Uh, wouldn't that result in death 100% of the time?
posted by ignignokt at 12:39 PM on September 19, 2011


Interesting collection of anecdotes, but he keeps writing "replete" when he means "complete."
posted by Floydd at 12:47 PM on September 19, 2011


Did you know that two guys once flew a Cessna for 64 days, without landing?

Did you know a pedestrian is hit by a car every 30 seconds in NYC?

Poor guy, I feel for him, but y'know a job's a job and in this economy you take what you can get.
 
posted by Herodios at 1:00 PM on September 19, 2011


Just to add more trivia.. I run the JavaScript newsletter schmod mentioned :-) I have three now, JavaScript, Ruby and HTML5. You can find them all under "[whatever] weekly" on Google. Not going to self link, naturally!

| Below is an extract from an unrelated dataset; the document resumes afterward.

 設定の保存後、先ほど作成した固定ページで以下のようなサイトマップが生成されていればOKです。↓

A lot of us running these newsletters know each other (if only casually). It seems to have become a bit of a old-becomes-new thing but you can't argue with the reader engagement compared to the Web. Blogging is (almost) history to me.
posted by wackybrit at 1:27 PM on September 19, 2011 [3 favorites]


... in Michael Caine's voice

<stevecoogan>The Cessna starts off like this. Then it gets very loudly and specific. </stevecoogan>

then it nears its overhaul time and it gets quite soft
posted by zippy at 2:07 PM on September 19, 2011 [2 favorites]

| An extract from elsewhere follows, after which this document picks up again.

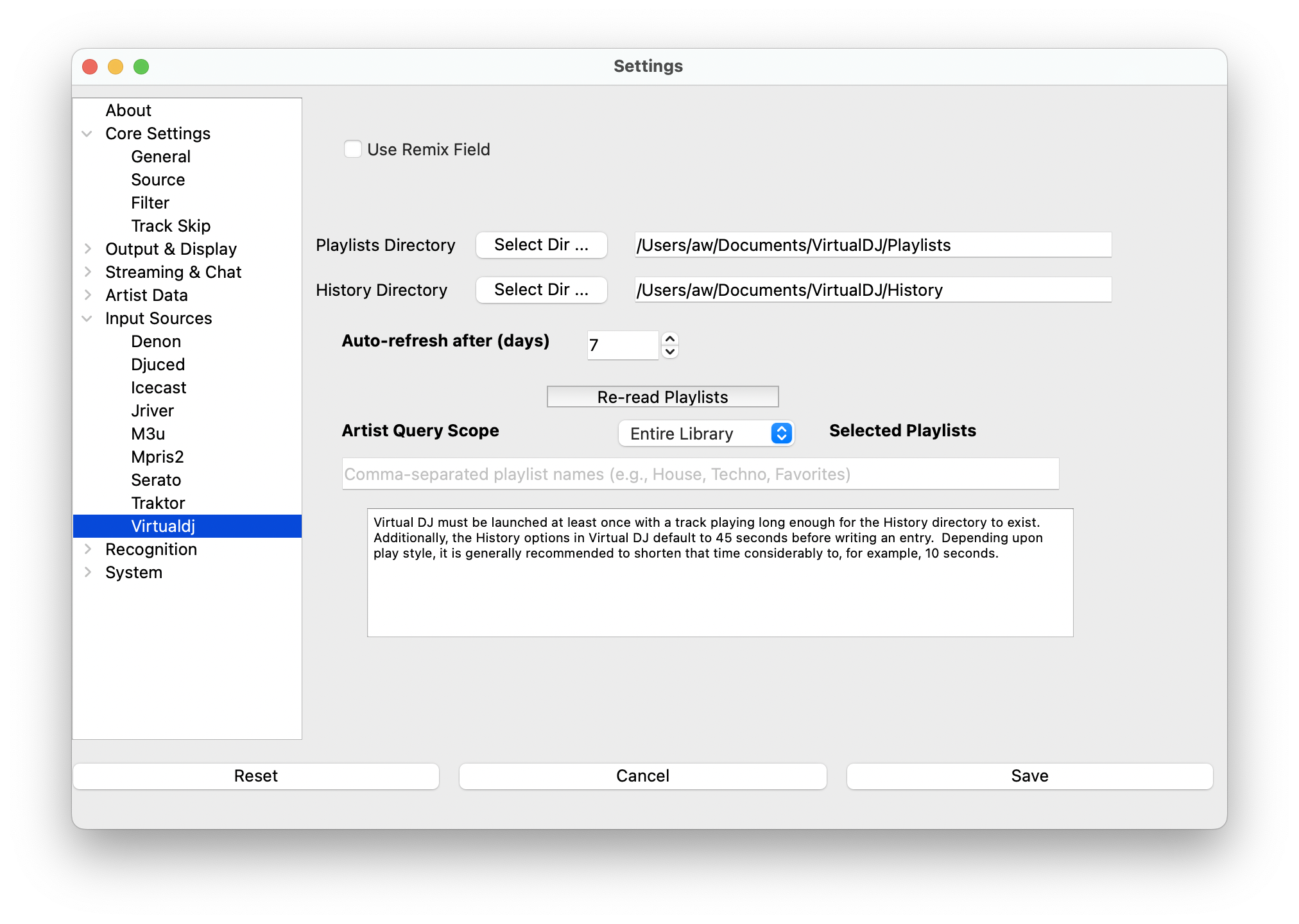 2. Playlists Directory - Usually auto-detected as Documents/VirtualDJ/Playlists

Uh, wouldn't that result in death 100% of the time?

It's not wholly without water; they get a drink everyday which probably keeps them alive.
posted by Mitheral at 2:25 PM on September 19, 2011


I don't think I'd trust this site without further verification. Read the article on Lincoln creating the Secret Service the same day he was shot:

"While Lincoln's assassination sparked a discussion about the need for a permanent security detail for the President, this need went unfulfilled for decades. In the interim period, both James A. Garfield (1881) and Warren G. Harding (1901) were assassinated. The latter caused Congress to work toward a solution, and, informally, Presidential security became a duty of the Service starting with Harding's successor, Theodore Roosevelt. "

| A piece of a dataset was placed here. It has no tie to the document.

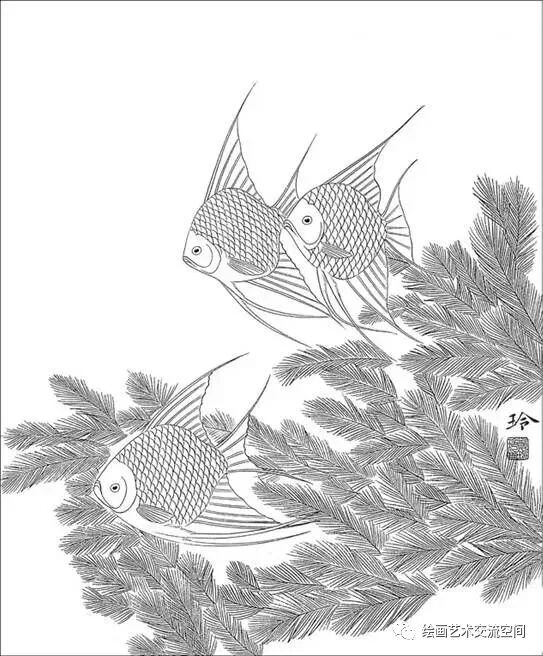 步骤一:勾线,燕鱼用淡墨勾,先勾外轮廓,再勾鱼鳞,线条要均匀细挺,墨色要统一。鱼稽和鱼尾的线条要流畅飘逸。勾线造型要准确,自然灵动。水草用中墨勾,要有飘逸感。

I believe that should read William McKinley in place of Warren Harding. No idea if this was done purposely or not, of course.

(I played the role of Leon Czolgosz in a 7th or 8th grade history class re-enactment.)
posted by InsertNiftyNameHere at 3:14 PM on September 19, 2011


The Secret Service was originally involved in busting counterfeiting during the Civil War.
posted by MiltonRandKalman at 4:27 PM on September 19, 2011


Did you know that two guys once flew a Cessna for 64 days, without landing?

Holy shit.
posted by procrastination at 6:07 PM on September 19, 2011 [1 favorite]


I had always heard that carrots were breed for the orange color to match the national colors of Netherlands. Then they ended up changing their national colors anyways because the dyes were changing colors.

I cannot remember, at all, where I had heard that, so I can't site it. Sorry.
posted by BurnChao at 8:17 PM on September 19, 2011


A Google search confirms a similar story of Netherlanders cultivating the modern orange carrot we all know and love. Maybe that will be a future Friday fact.